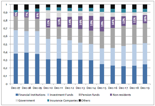 Another important feature is that the Brazilian public debt is mostly in the hands of domestic investors, notably financial institutions and institutional investors such as investment funds. In the past, financial liberalisation and the absence of capital controls allowed a large number of non-residents to enter the Brazilian markets, which could in fact increase the volatility of the foreign exchange rate and create certain vulnerability in the public bond market, should the Treasury be overly dependent upon these investors. However, as shown in Figure 5, the share of for eign investors that hold Brazilian public debt is relatively small and has been falling over the last few years -particularly after the country lost its international investment grade rating. The Treasury's capacity to place domestic public debt, therefore, does not depend directly on foreign 'bond vigilantes.'
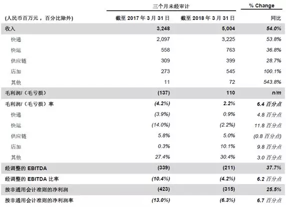5月10日,百世集團公布2018年第一季度未經(jīng)審計財務(wù)業(yè)績:一季度總收入50.04億元人民幣,同比增長54%;毛利潤1.1億元人民幣,與去年同期相比提升6.4%。
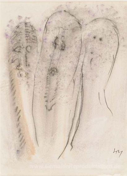 Wir bieten Ihnen eine handgefertigte Reproduktion auf Leinwand des berühmten Kunstwerks 'Composition aux trois têtes' von Henri Michaux, aus dem Reproduktionsmuseum.
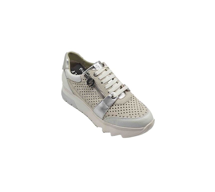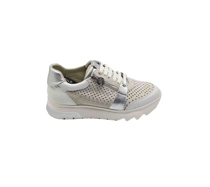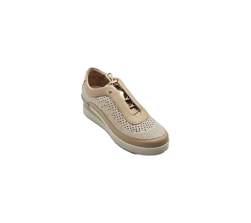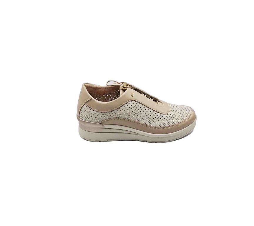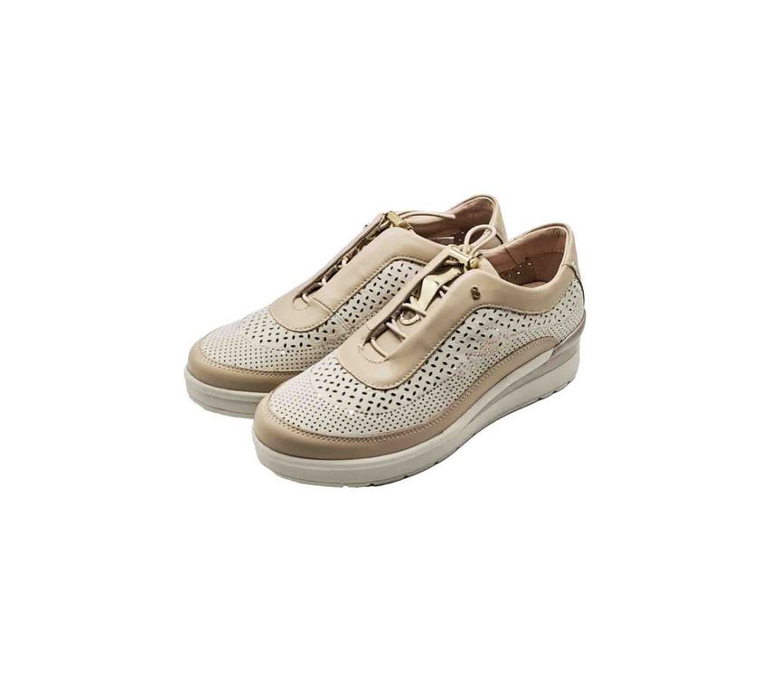 Zapatillas StoneFly de piel en tono beige con diseño perforado que ofrece máxima transpirabilidad y confort diario. Incorporan cordones elásticos con acabados dorados
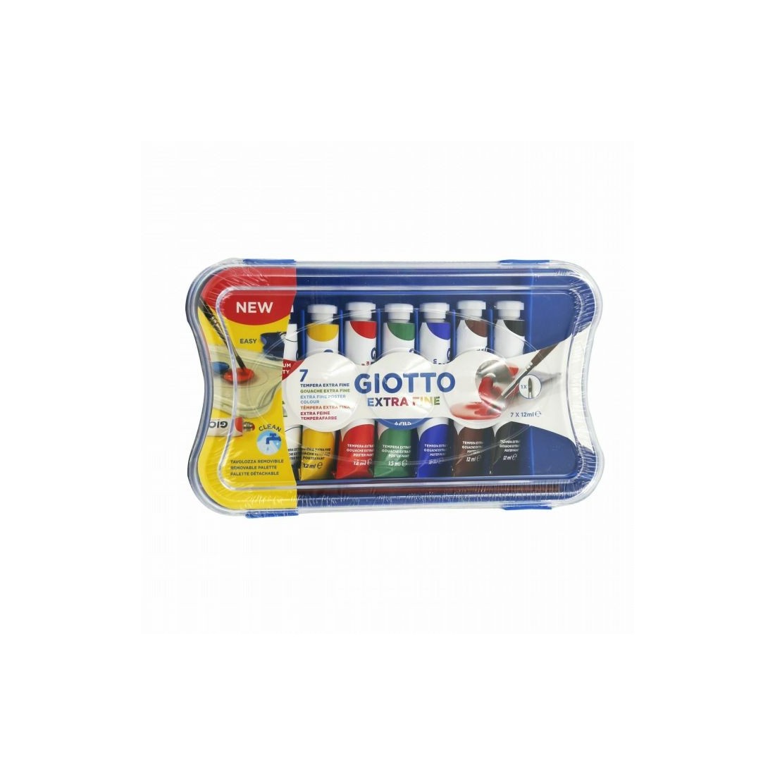 Confezione da 12 Giotto Tempera Extra Fine, tempera a base d'acqua. Tavolozza removibile inclusa. Dotato di pennello in pelo sintetico.

+ + + + + + +

Prompt:
Go through the listing above and retype each line exactly, apart from the pictures.

Response:
 Another important feature is that the Brazilian public debt is mostly in the hands of domestic investors, notably financial institutions and institutional investors such as investment funds. In the past, financial liberalisation and the absence of capital controls allowed a large number of non-residents to enter the Brazilian markets, which could in fact increase the volatility of the foreign exchange rate and create certain vulnerability in the public bond market, should the Treasury be overly dependent upon these investors. However, as shown in Figure 5, the share of for eign investors that hold Brazilian public debt is relatively small and has been falling over the last few years -particularly after the country lost its international investment grade rating. The Treasury's capacity to place domestic public debt, therefore, does not depend directly on foreign 'bond vigilantes.'
5月10日,百世集團公布2018年第一季度未經(jīng)審計財務(wù)業(yè)績:一季度總收入50.04億元人民幣,同比增長54%;毛利潤1.1億元人民幣,與去年同期相比提升6.4%。
 Wir bieten Ihnen eine handgefertigte Reproduktion auf Leinwand des berühmten Kunstwerks 'Composition aux trois têtes' von Henri Michaux, aus dem Reproduktionsmuseum.
 Zapatillas StoneFly de piel en tono beige con diseño perforado que ofrece máxima transpirabilidad y confort diario. Incorporan cordones elásticos con acabados dorados
 Confezione da 12 Giotto Tempera Extra Fine, tempera a base d'acqua. Tavolozza removibile inclusa. Dotato di pennello in pelo sintetico.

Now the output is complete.